Generate a 2d array with shape 5x5. The first value is 0 and it grows left to right and top to bottom in increments of 0.1.

In [None]:
# Your code here


---
## Further axes manipulation


We saw earlier that it is possible to *transpose* an array i.e. flip the order of axes. 

The `transpose` function can also be used more generally to change the order of axes within an array. 


In [None]:
a3d = np.ones((4,3,2))
print(a3d.shape)

new_order = np.transpose(a3d,[1, 2, 0]) # numbers in list refer to axes
print(new_order.shape)

#### Dimensions can also be added

In [None]:
a3d[..., np.newaxis].shape

---

## Broadcasting

The fact that NumPy operates on an element-wise basis means that in principle arrays must always match one another's shape.

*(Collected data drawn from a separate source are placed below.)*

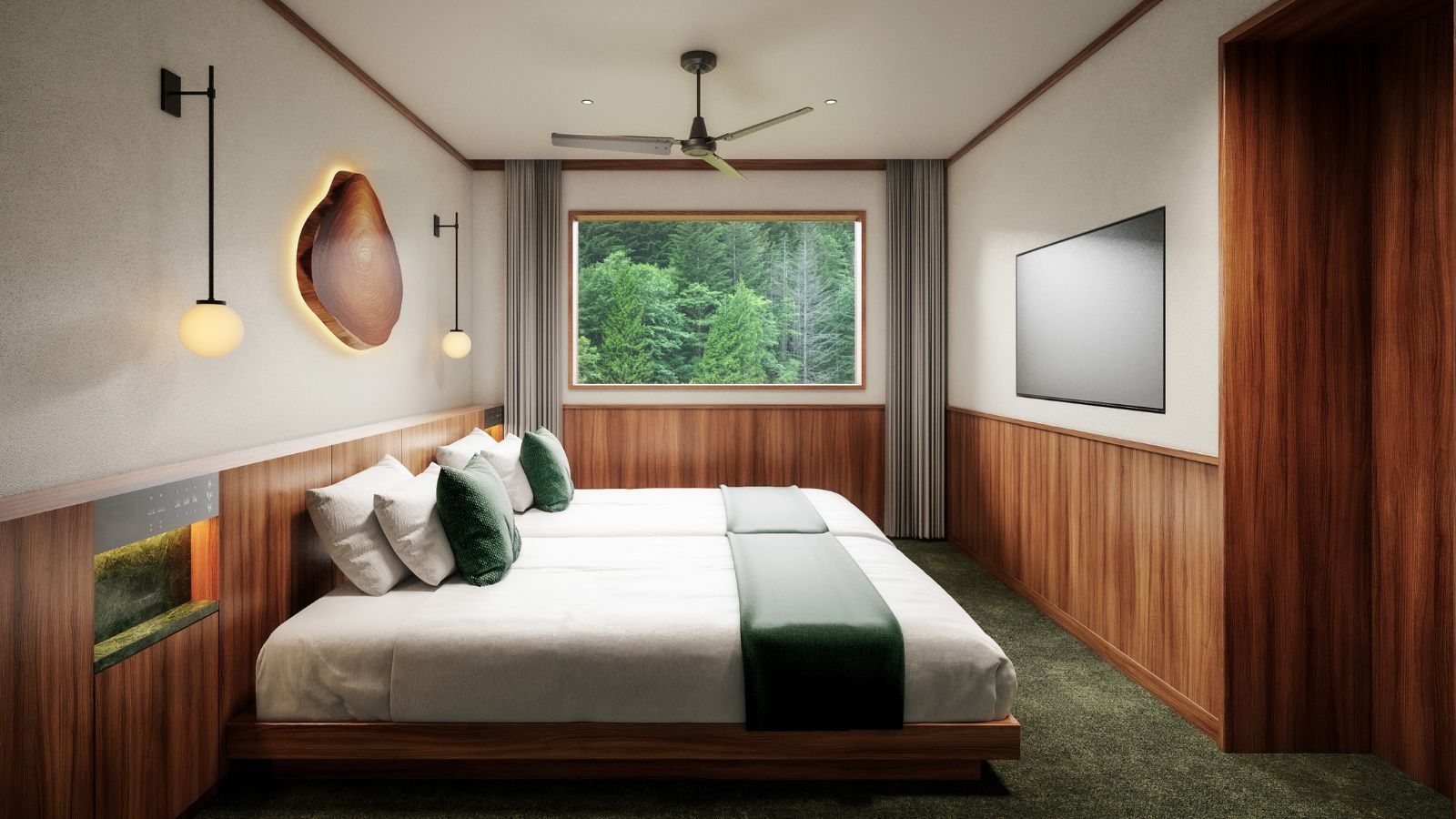 2026年4月全面リニューアル。海を望むジュニアスイートは、寝湯付き24時間利用可能なバスを新設。自然素材のモダンな空間で、屋久島と調和する上質な滞在を。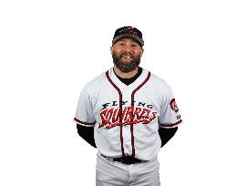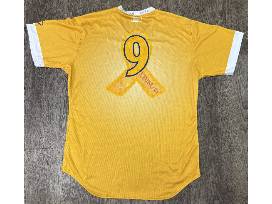 Game-worn, autographed jersey by bullpen catcher Mike Morris.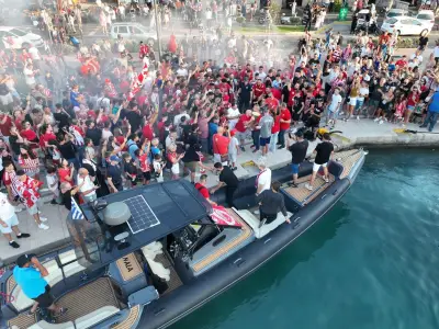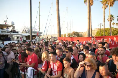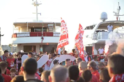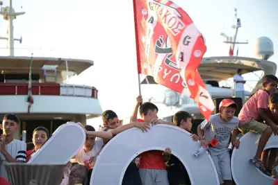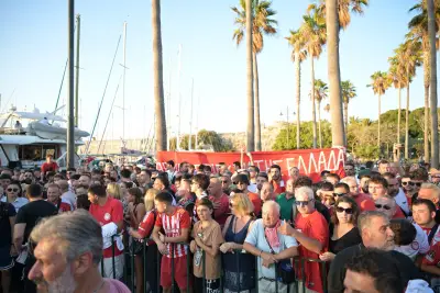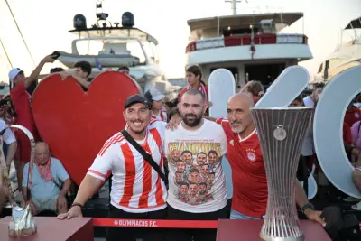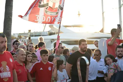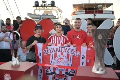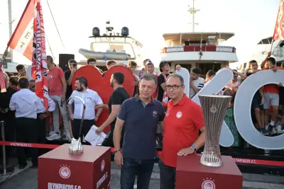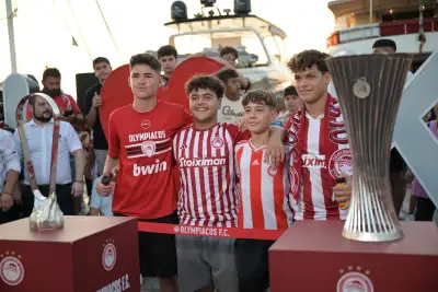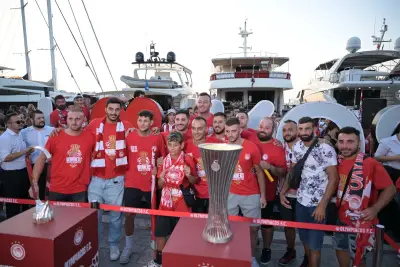 Σήμερα Παρασκευή 2 Αυγούστου ήταν η σειρα της Κω να υποδεχθεί τα δύο ευρωπαικά τρόπαια, με τον κόσμο του Ολυμπιακού να συρέει στο λιμάνι της Κω.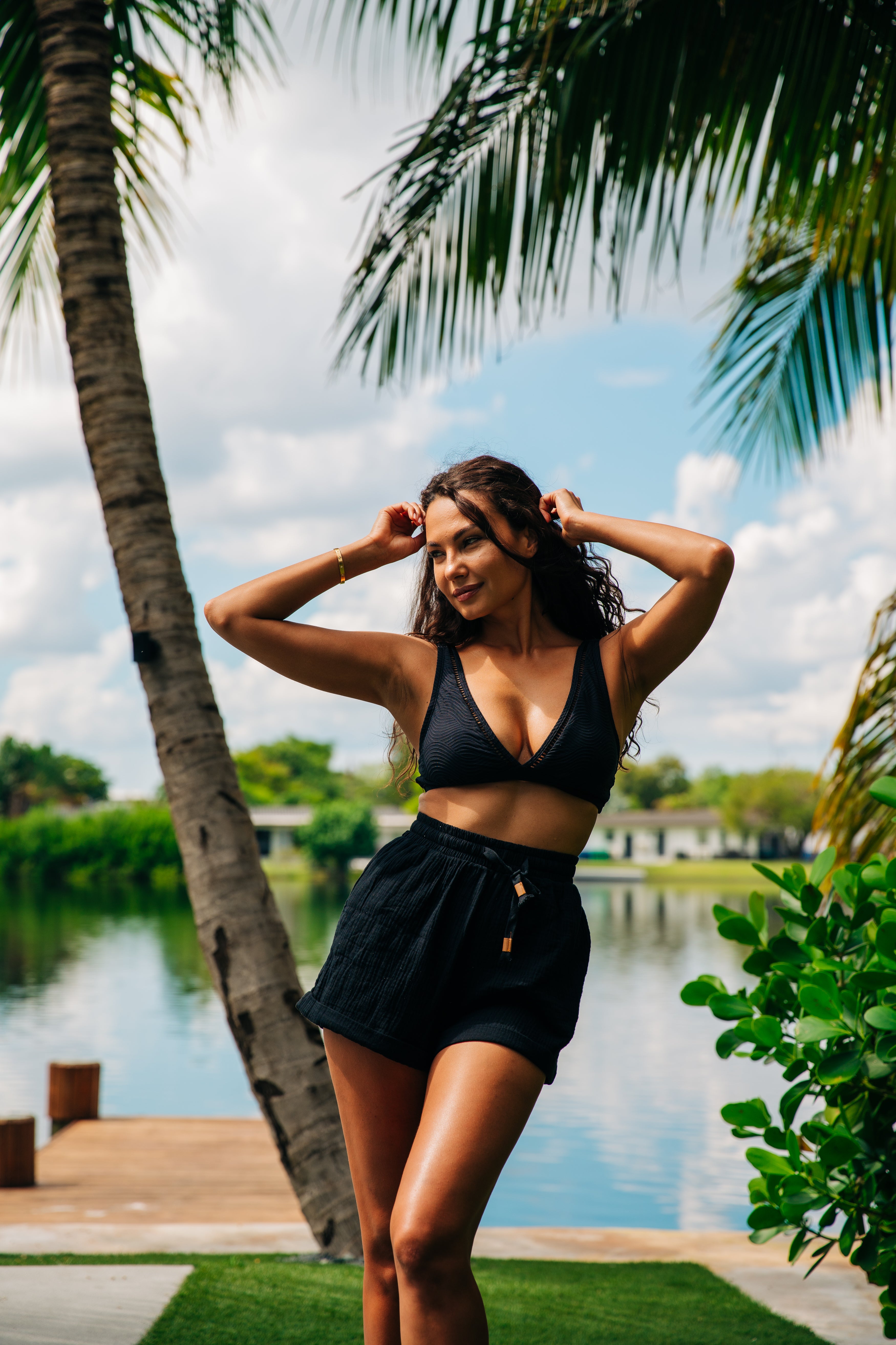Elastic Waist Gauze Short - Black
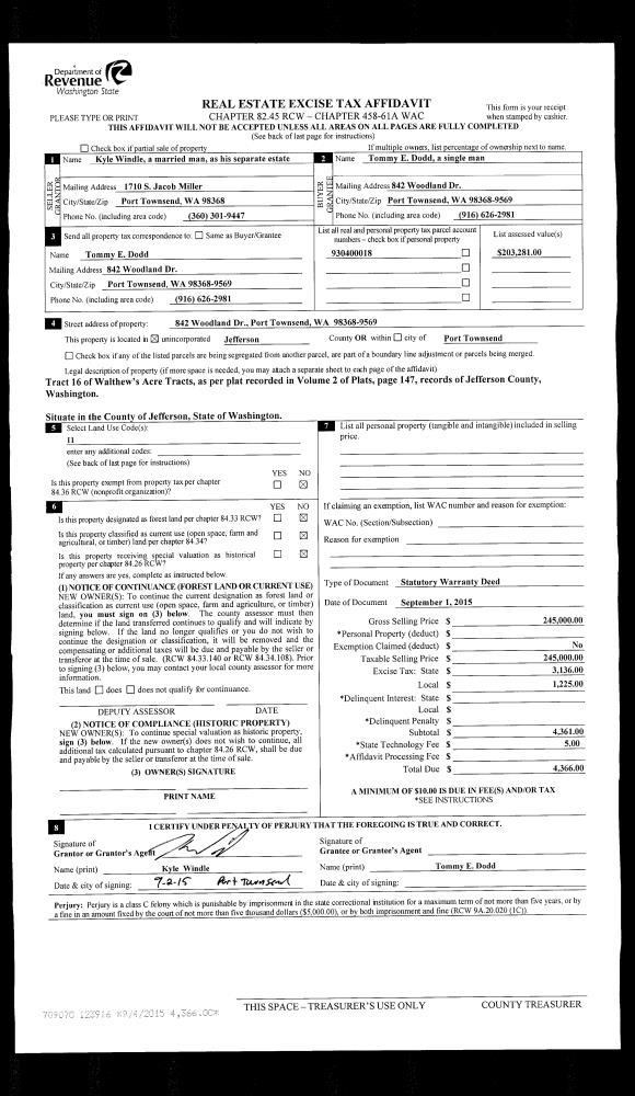 | 2 | 09/01/2015 | SWD | Statutory Warranty Deed | KYLE T WINDLE | TOMMY E DODD | | | $245,000.00 | 123916 | |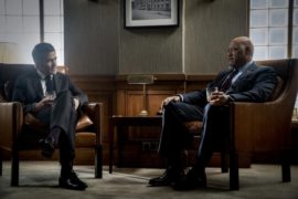 Gleichzeitig weckt ein solcher Film natürlich Erwartungen, die erfüllt werden müssen. Erwartungen, die Der Anruf aber gar nicht erfüllen will. Während die oben genannten Serien und auch die bekannten Filme auf eine Mischung aus geheimer Ermittlung und rasanter Action setzen, da ist die Adaption des gleichnamigen Romans recht statisch. Genauer besteht die Geschichte von Olen Steinhauer, der seine eigene Vorlage in ein Drehbuch umwandelte, praktisch ausschließlich aus Dialogen. Der Hauptdialog ist dabei der in dem Restaurant, in dem Henry und Celia zusammensitzen und über die Vergangenheit sprechen. Unterbrochen wird diese Unterhaltung, die sich zunehmend in eine Befragung verwandelt, von einigen Flashbacks. Aber auch diese bestehen meistens darin, dass sich zwei Leute unterhalten.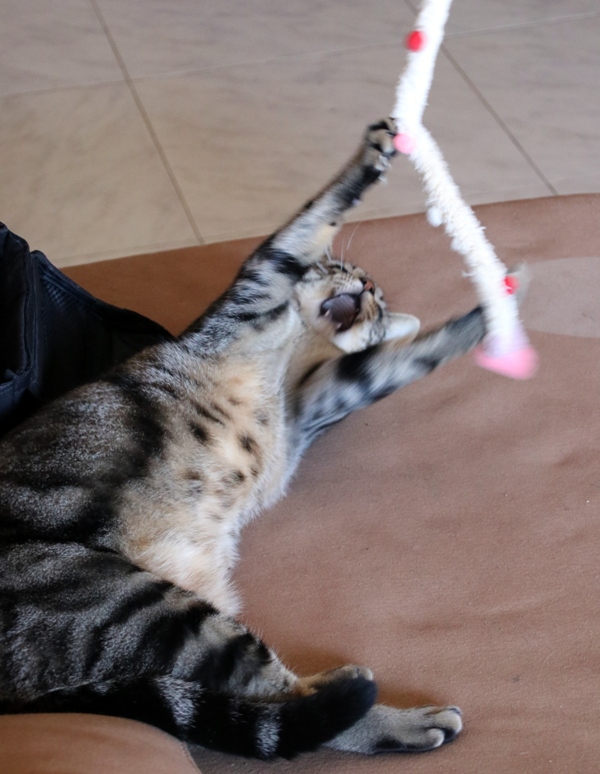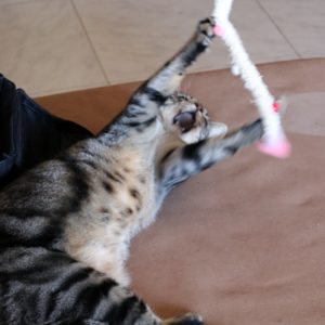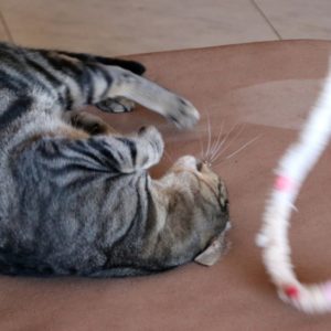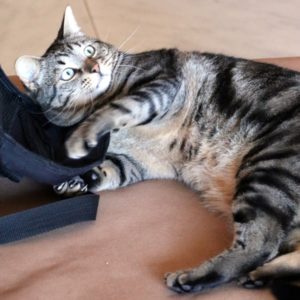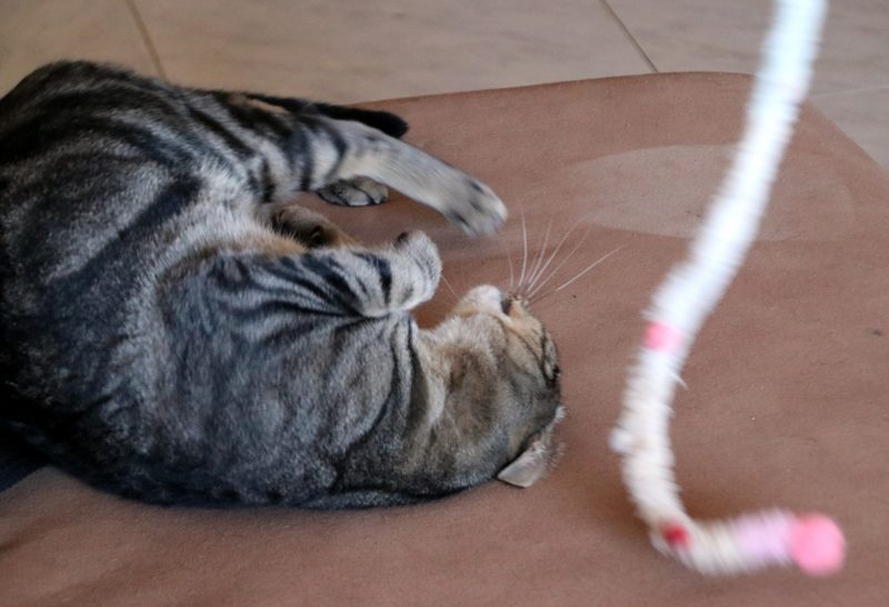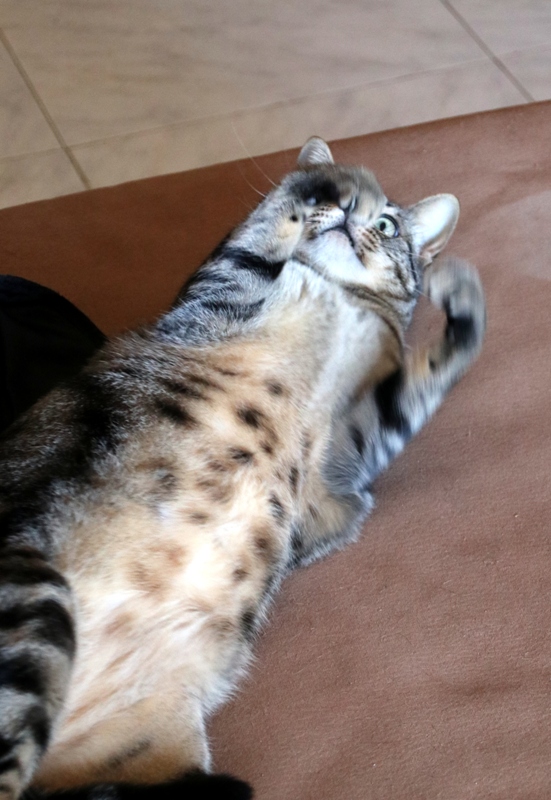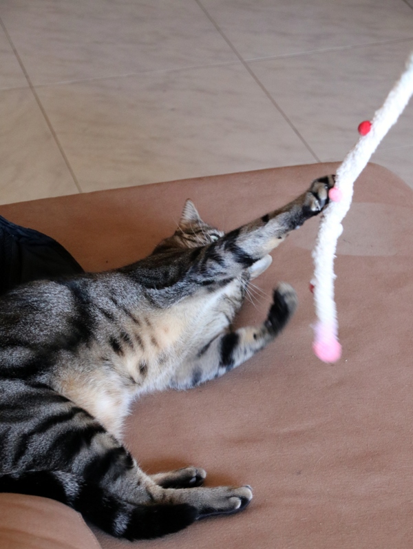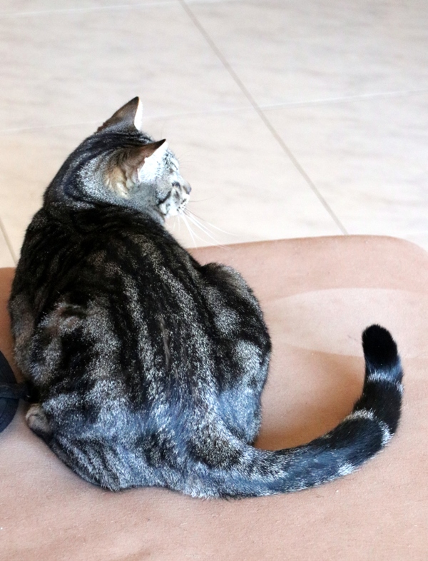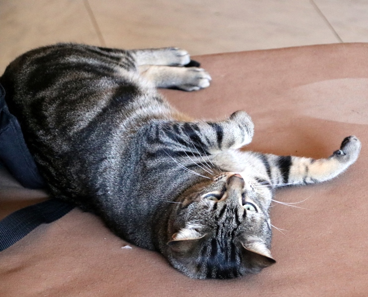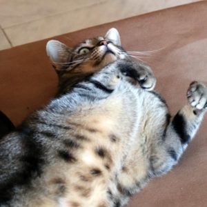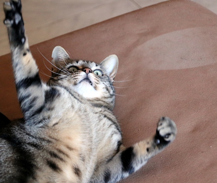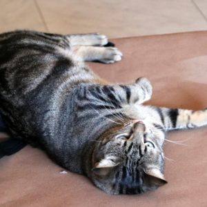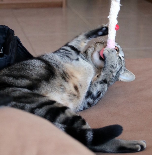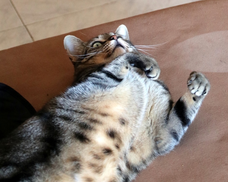 Es un gato muy bueno, cariñoso, juguetón a ratos porque es joven, y muy ronroneador. Especialista en hacerte la croqueta, y ponerse tripa arriba para que le rasques bien, jajajaja…

However, NumPy will also helpfully "broadcast" dimensions when possible. 

**The Broadcasting Rule**  
In order to broadcast, the size of the trailing axes for both arrays in an operation must either be the same size or one of them must be one.

In [141]:
# Example

a1d = np.arange(0,5)
a2d = np.zeros((5,3))
print(a1d)
print(a2d)

# try:
# a1d + a2d

# add a trailing axis: 
# a1d[..., np.newaxis] + a2d

# this would also work: 
# a1d.reshape(5,1) + a2d

[0 1 2 3 4]
[[0. 0. 0.]
 [0. 0. 0.]
 [0. 0. 0.]
 [0. 0. 0.]
 [0. 0. 0.]]


## References
* [NumPy docs](https://numpy.org/doc/stable/)
* [SciPy lectures](http://www.scipy-lectures.org/)

**If you're moving from Matlab to python, this link could be particularly useful:** 
* **[NumPy for Matlab users](https://numpy.org/doc/stable/user/numpy-for-matlab-users.html)**
   * Contains a reference table of Matlab-NumPy equivalents.